This post is part of the Yale Journal of International Law Volume 37, Issue 2 symposium. Other posts in this series can be found in the related posts below.
Margaux J. Hall is a Consultant in the Justice Reform Practice Group of the World Bank's Legal Vice Presidency. She is based in Freetown, Sierra Leone. David C. Weiss is an Associate in the Antitrust and Competition practice group at Skadden, Arps, Slate, Meagher & Flom LLP in New York.
All views expressed herein are the authors' own.
We would first like to thank the
Yale Journal of International Law and Opinio Juris for making possible this online symposium on our recent article,
Avoiding Adaptation Apartheid: Climate Change Adaptation and Human Rights Law. We’re looking forward to the forthcoming discussion.

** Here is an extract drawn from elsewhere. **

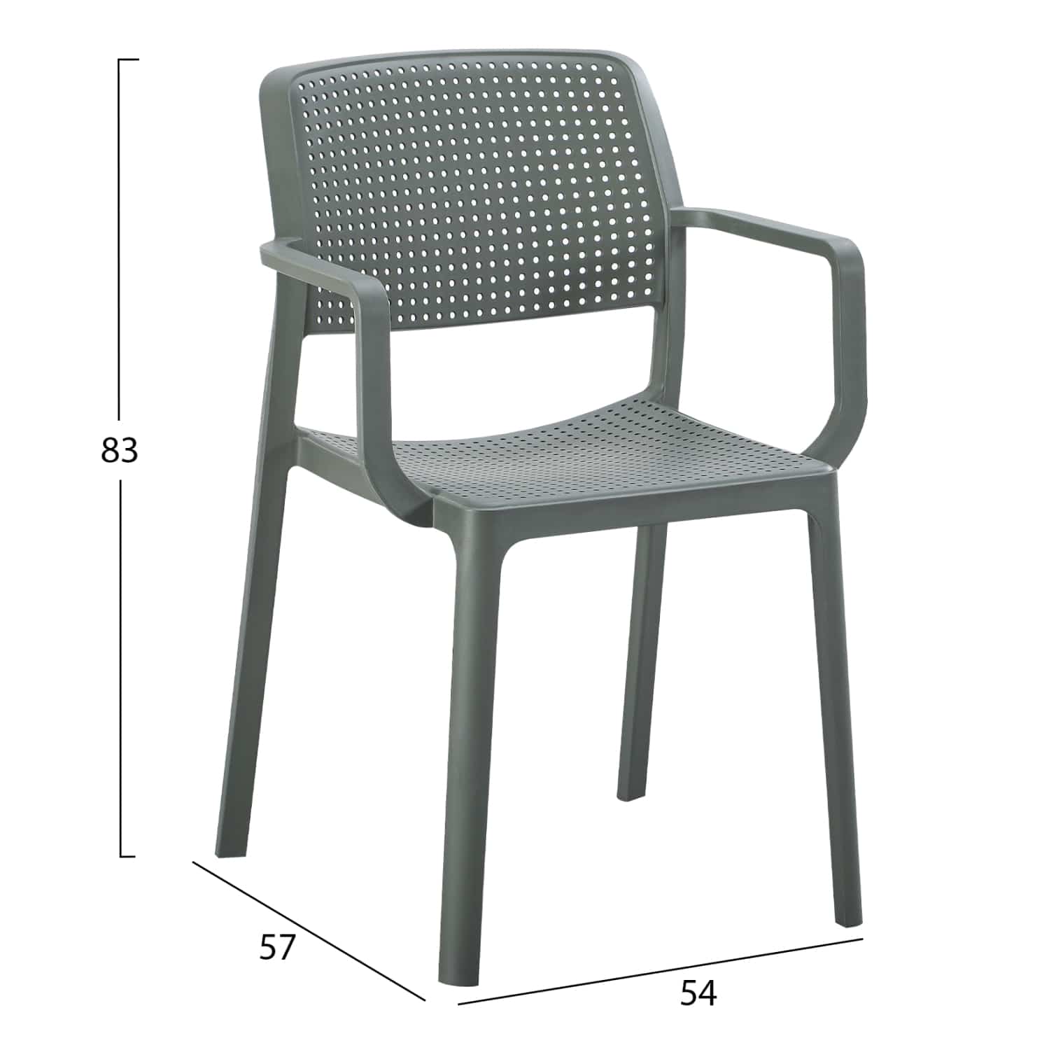 Η πολυθρόνα COMFEE έχει όλα όσα θα θέλατε από ένα τέτοιο έπιπλο. Είναι κατασκευασμένη από μονοκόμματο πολυπροπυλένιο σε DARK OLIVE GREEN χρώμα με ελαφρώς κυρτή πλάτη, η οποία όπως και το κάθισμα έχουν «τρυπητό» σχέδιο. Όλη η κατασκευή είναι ελαφριά και άνετη με ψηλά μπράτσα, και θα γίνει το αγαπημένο κάθισμα σε όποιο χώρο κι αν τοποθετηθεί χάρη στην πρακτικότητά του. Ιδανική επιλογή και για επαγγελματική χρήση, όπως σε catering κτλ.

Our article aims to explain how the international law of human rights can inform the understanding of, and guide policy decisions regarding, climate change adaptation. We argue that, thus far, analyses linking human rights and climate change have focused primarily on mitigation (reducing greenhouse gas emissions to lessen the extent of climate change), giving short shrift to adaptation (responding to actual or expected human and environmental consequences of a changing climate to minimize harm). Legal scholars and practitioners have recognized the difficulty of applying human rights to climate change mitigation: legal duties only extend within territorial boundaries to state actors, and it is difficult to establish that a particular government action or inaction gave rise to harm. But, as our article contends, human rights can and should be a practical tool to address climate change adaptation, which often takes place at the state or community level, and which involves less tenuous causal chains.
Any academic discussion of adaptation should also acknowledge the disproportional effects of climate change on persons who already suffer the most due to poverty, inequality, restrictive economic and socio-cultural settings, and other factors. The international development community often considers these individuals collectively through
Millennium Development Goals and other aggregate targets, but human rights addresses these persons’ individual and group-based needs and entitlements. In essence, bringing humanity to discussions of climate change adaptation, we believe, provides an important normative lens through which to view difficult issues relating to climate change.